Ora si tratta di organizzare le elezioni entro il dicembre 2021, ma non è scontato che debbano avvenire.
Da quando il governo Dbeibeh è entrato in carica a marzo, diversi paesi, come Egitto, Malta e Francia, hanno annunciato l’intenzione di riaprire le loro ambasciate.
La capitale libica, infatti, non ha mai smesso di accogliere ministri e funzionari degli esteri. Il 25 marzo i capi della diplomazia francese, tedesca e italiana si sono recati a Tripoli per incontrare le nuove autorità e manifestare il loro sostegno al processo politico in atto. Anche il presidente del Consiglio Europeo, Charles Michel, ha compiuto il viaggio per dimostrare il sostegno dell'Unione al nuovo governo. Poi il 6 aprile si sono recati lì anche i primi ministri greco e italiano, Kyriakos Mitsotakis e Mario Draghi.
Per il capo dell'esecutivo greco, la questione da affrontare con il nuovo governo verteva sul memorandum d'intesa sui confini marittimi firmato da Ankara e dall'ex GNA nel novembre 2019. “Questo nuovo passo nelle nostre relazioni consentirà di correggere e cancellare gli errori fatto durante la fase precedente”, ha dichiarato il premier Mitsotakis, chiedendo “la cancellazione di documenti illegali presentati come accordi tra Stati quando non hanno alcun valore giuridico”.

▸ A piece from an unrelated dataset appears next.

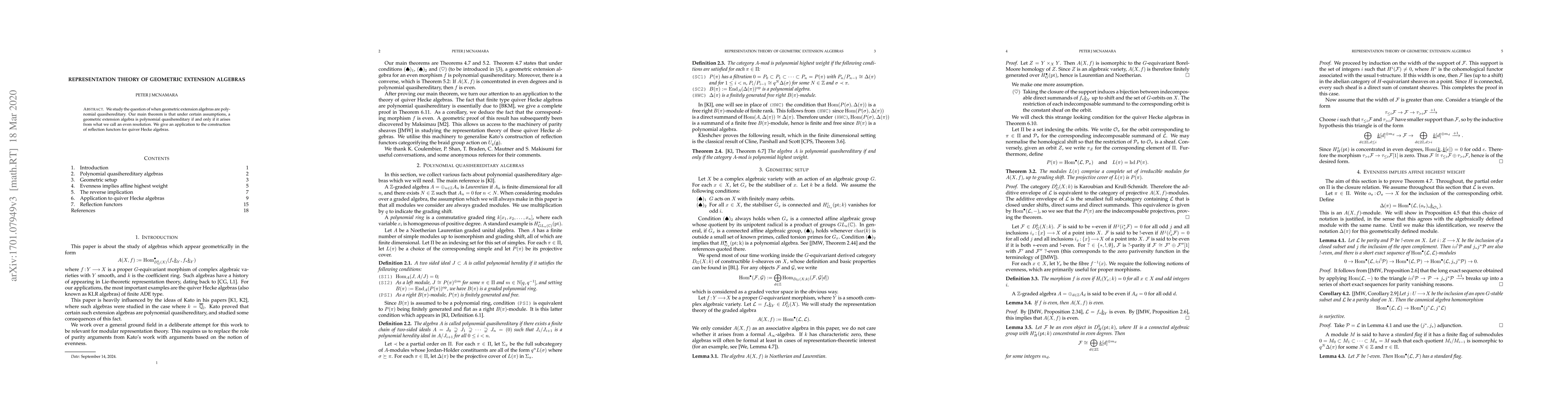 We study the question of when geometric extension algebras are polynomial quasihereditary. Our main theorem is that under certain assumptions, a geometric extension algebra is polynomial quasihereditary if and only if it arises from an even resolution. We give an application to the construction of reflection functors for quiver Hecke algebras.

Nello spazio di mare che separa la Turchia dalla Libia, infatti, ci sono le acque territoriali greche e cipriote le quali nasconderebbero importanti giacimenti di gas naturale e dove sarà costruito il gasdotto EastMed, che coinvolgerà Grecia, Repubblica di Cipro, Israele e l’Italia. Da qui la messa in discussione giuridica del memorandum d'intesa in questione, su cui Ankara si basa per giustificare le sue perforazioni nel Mediterraneo orientale, sulla base del fatto che "viola i diritti sovrani di Stati terzi" e che "non è conforme con la legge del mare".

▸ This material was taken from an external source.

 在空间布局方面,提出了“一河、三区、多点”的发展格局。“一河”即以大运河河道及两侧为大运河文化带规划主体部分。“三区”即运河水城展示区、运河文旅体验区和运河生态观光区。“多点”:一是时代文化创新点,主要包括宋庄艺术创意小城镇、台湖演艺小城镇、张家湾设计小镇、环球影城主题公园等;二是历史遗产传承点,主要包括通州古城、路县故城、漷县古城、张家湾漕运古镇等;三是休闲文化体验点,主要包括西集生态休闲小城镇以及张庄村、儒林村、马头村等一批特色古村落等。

In risposta a Mitsotakis, il premier libico Dbeibeh ha dichiarato di comprendere "l'importanza di qualsiasi accordo che possa portare soluzioni adeguate preservando i diritti di Libia, Grecia e Turchia". Ha inoltre aggiunto: "Siamo pronti a istituire commissioni congiunte con la Grecia per riprendere le discussioni sulla delimitazione dei confini marittimi e per definire la zona economica esclusiva per ogni paese tra Creta e Libia".

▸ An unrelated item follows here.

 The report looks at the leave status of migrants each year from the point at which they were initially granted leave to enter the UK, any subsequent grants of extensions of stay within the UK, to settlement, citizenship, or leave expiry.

Meno di una settimana dopo queste dichiarazioni, Dbeibeh - vicino ai circoli economici turchi - si è recato ad Ankara, a capo di un'imponente delegazione, per incontrare il presidente turco.
"Per quanto riguarda gli accordi firmati tra i nostri paesi, in particolare quello relativo alle delimitazioni marittime, ribadiamo che essi si basano su basi giuridicamente valide e servono gli interessi dei nostri due paesi", ha dichiarato il premier libico Dbeibeh, a fianco del presidente Erdoğan. "Oggi abbiamo rinnovato la nostra determinazione" su questo accordo, ha confermato quest'ultimo.
"Vogliamo rafforzare la nostra solidarietà e la nostra cooperazione […] Sosterremo il governo di unità nazionale nello stesso modo in cui abbiamo sostenuto il precedente governo legittimo a Tripoli", ha ulteriormente assicurato Erdogan. Ciò significa che il sostegno militare di Ankara non cesserà visto che un accordo su questo argomento era stato firmato anche con il GNA nel novembre 2019. Inoltre, lo scorso dicembre, il parlamento turco ha prorogato di 18 mesi l'autorizzazione a dispiegare soldati turchi in Libia.
A quanto pare, il legame tra Tripoli e Ankara appare sempre più saldo, nonostante un cambio di premier. Anzi, se al-Sarraj appariva “costretto” ad accogliere gli aiuti turchi per poter contrastare l’aggressione delle milizie di Haftar (anche a causa dell’assurda inerzia europea e italiana), il nuovo premier libico sembrerebbe assolutamente in linea con la politica turca, ben disposto a trasformare il territorio della Tripolitania in una colonia di Ankara.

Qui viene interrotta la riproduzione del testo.